Please return the listing below exactly, without any of its pictures.

* Available data *
########################################

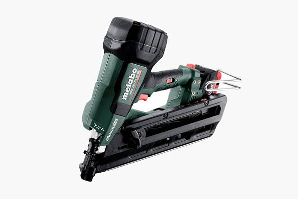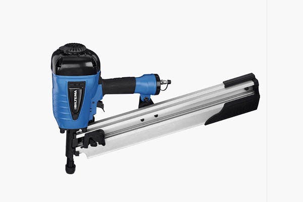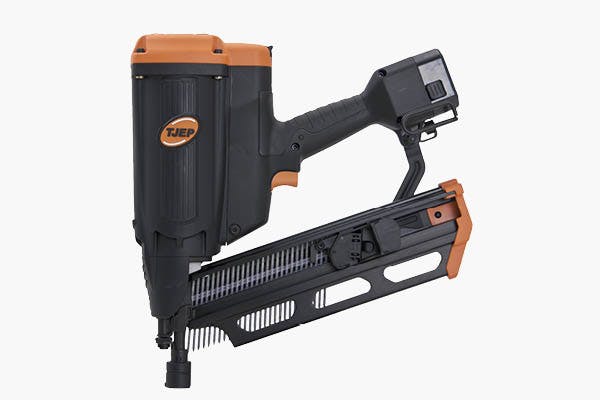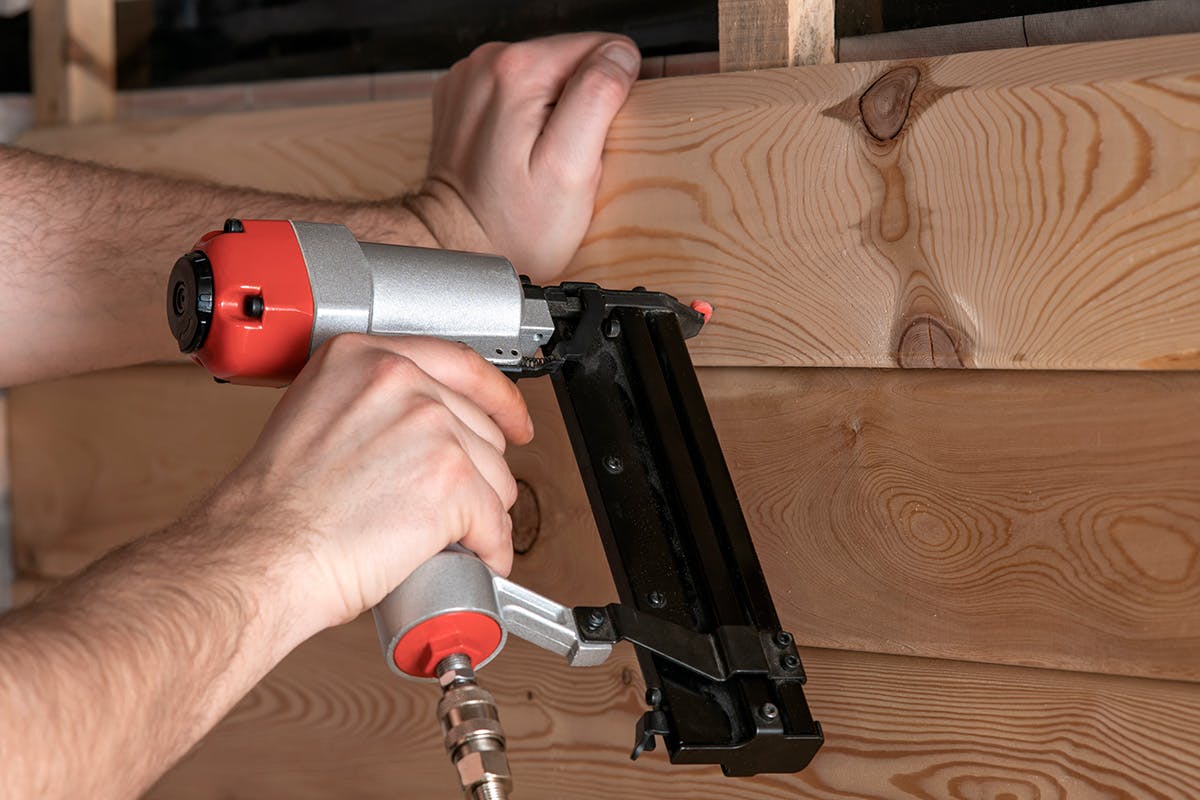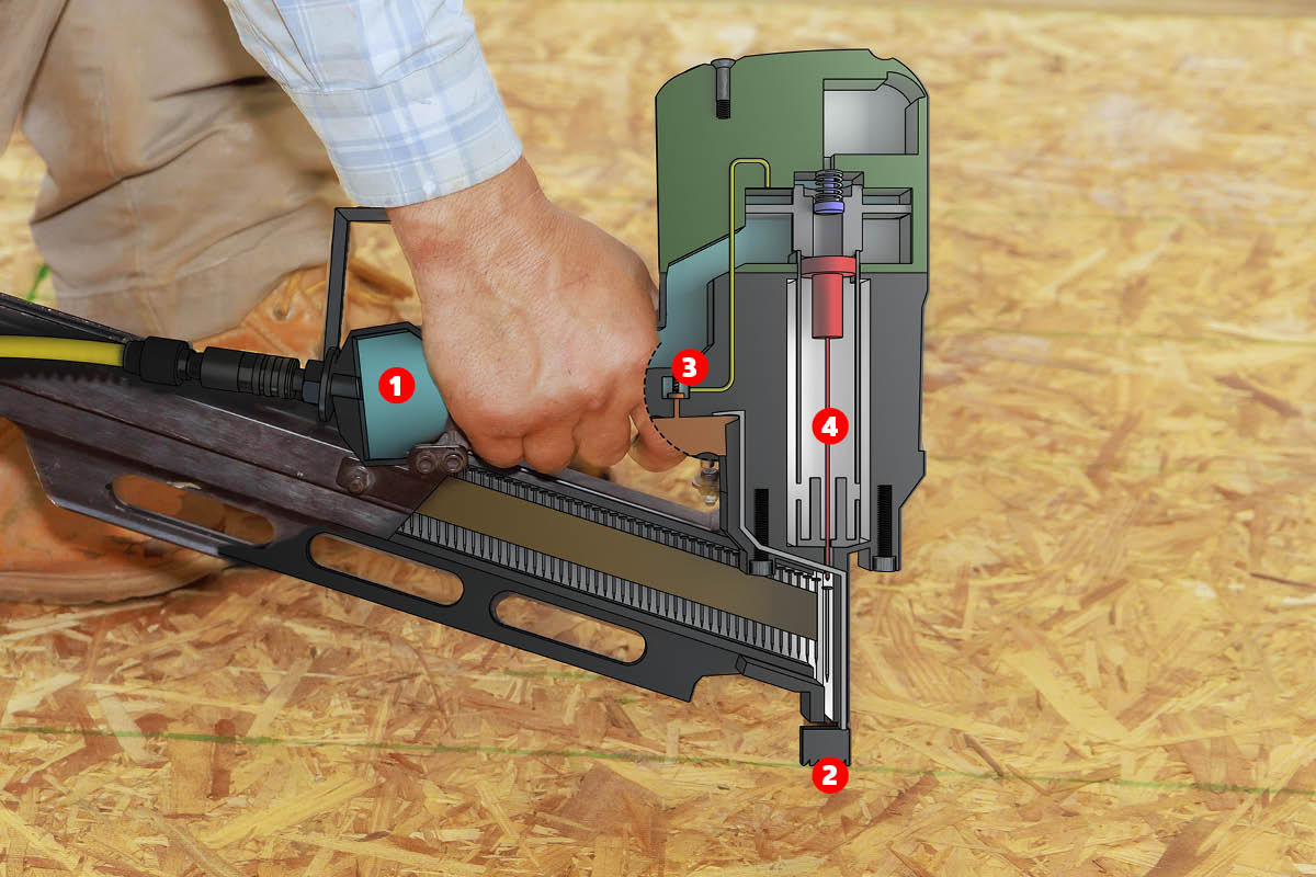 Pistolen kopplas till en kompressor och använder den komprimerade luften för att skjuta iväg spiken.
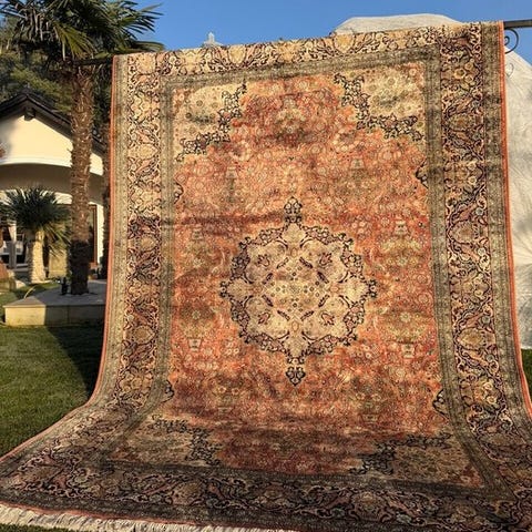 Origin : Uniqe hand knotted Ghoum rug with beautiful colors.
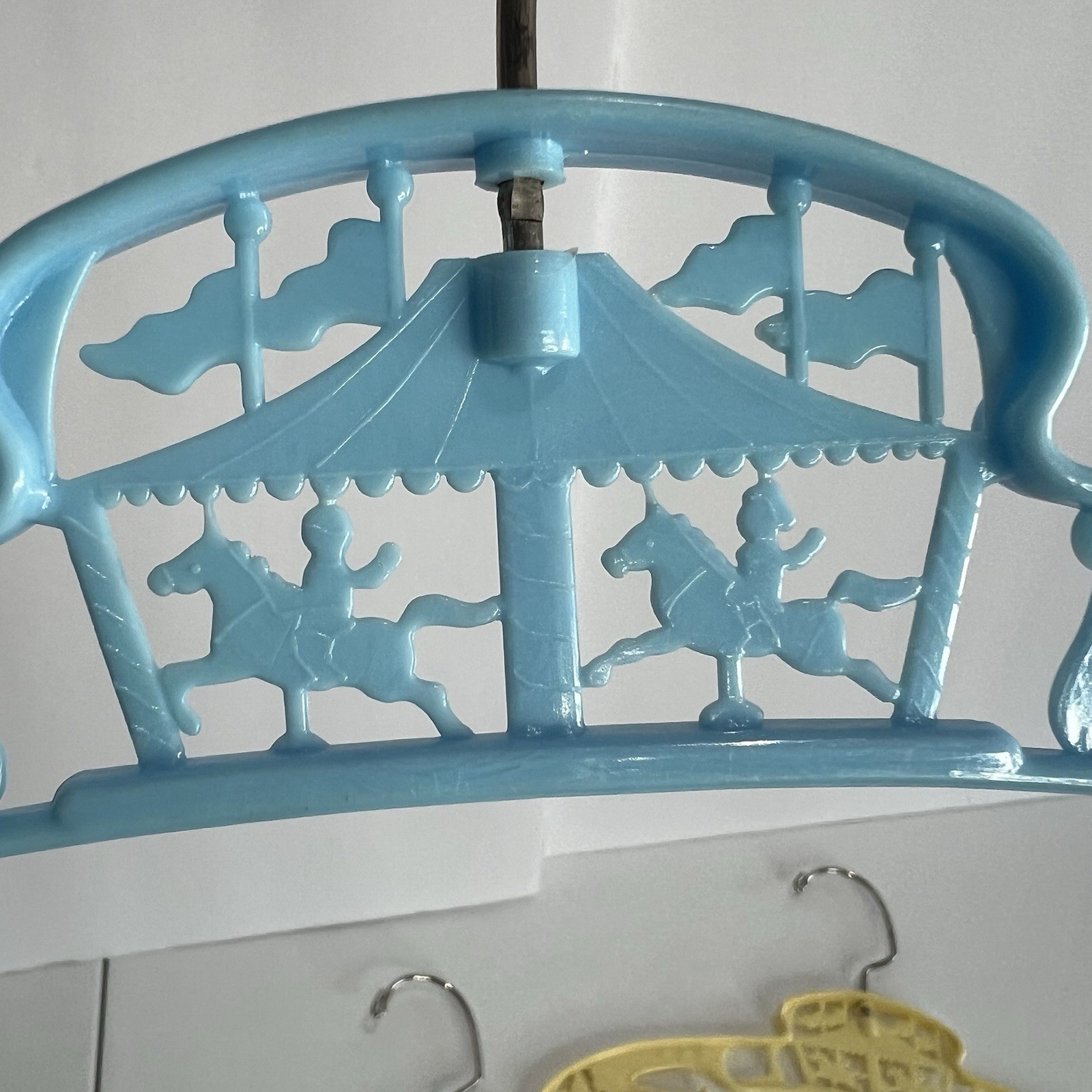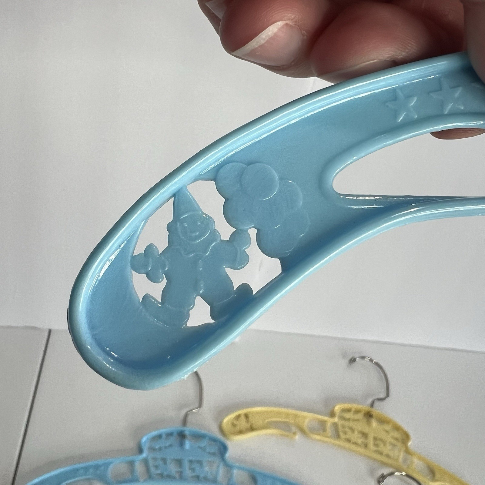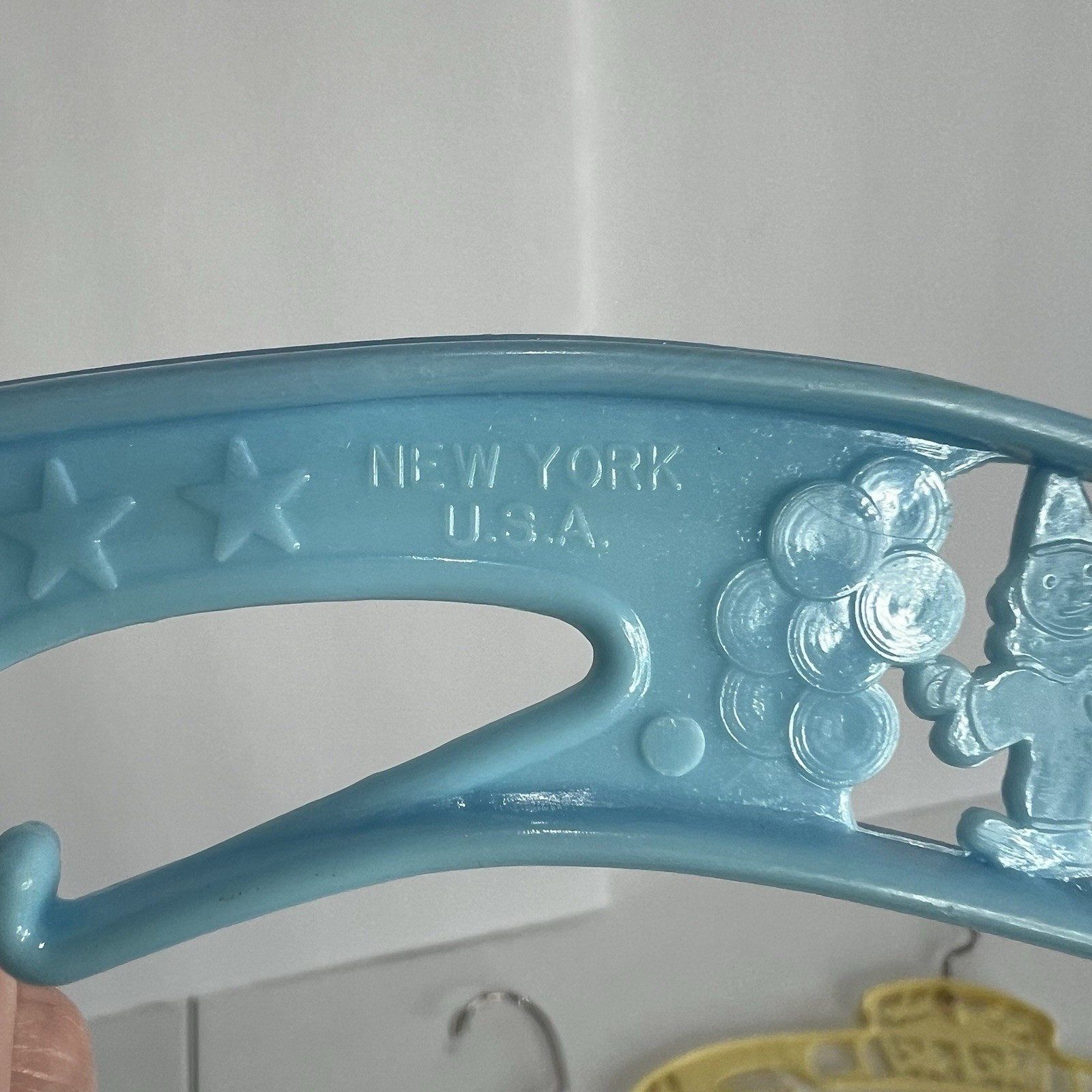 как выглядит 4 Baby World Co Blue Yellow Plastic Childs Hanger Vtg New York 50s 60s Circus фото

########################################

* Answer area *
 Pistolen kopplas till en kompressor och använder den komprimerade luften för att skjuta iväg spiken.
 Origin : Uniqe hand knotted Ghoum rug with beautiful colors.
 как выглядит 4 Baby World Co Blue Yellow Plastic Childs Hanger Vtg New York 50s 60s Circus фото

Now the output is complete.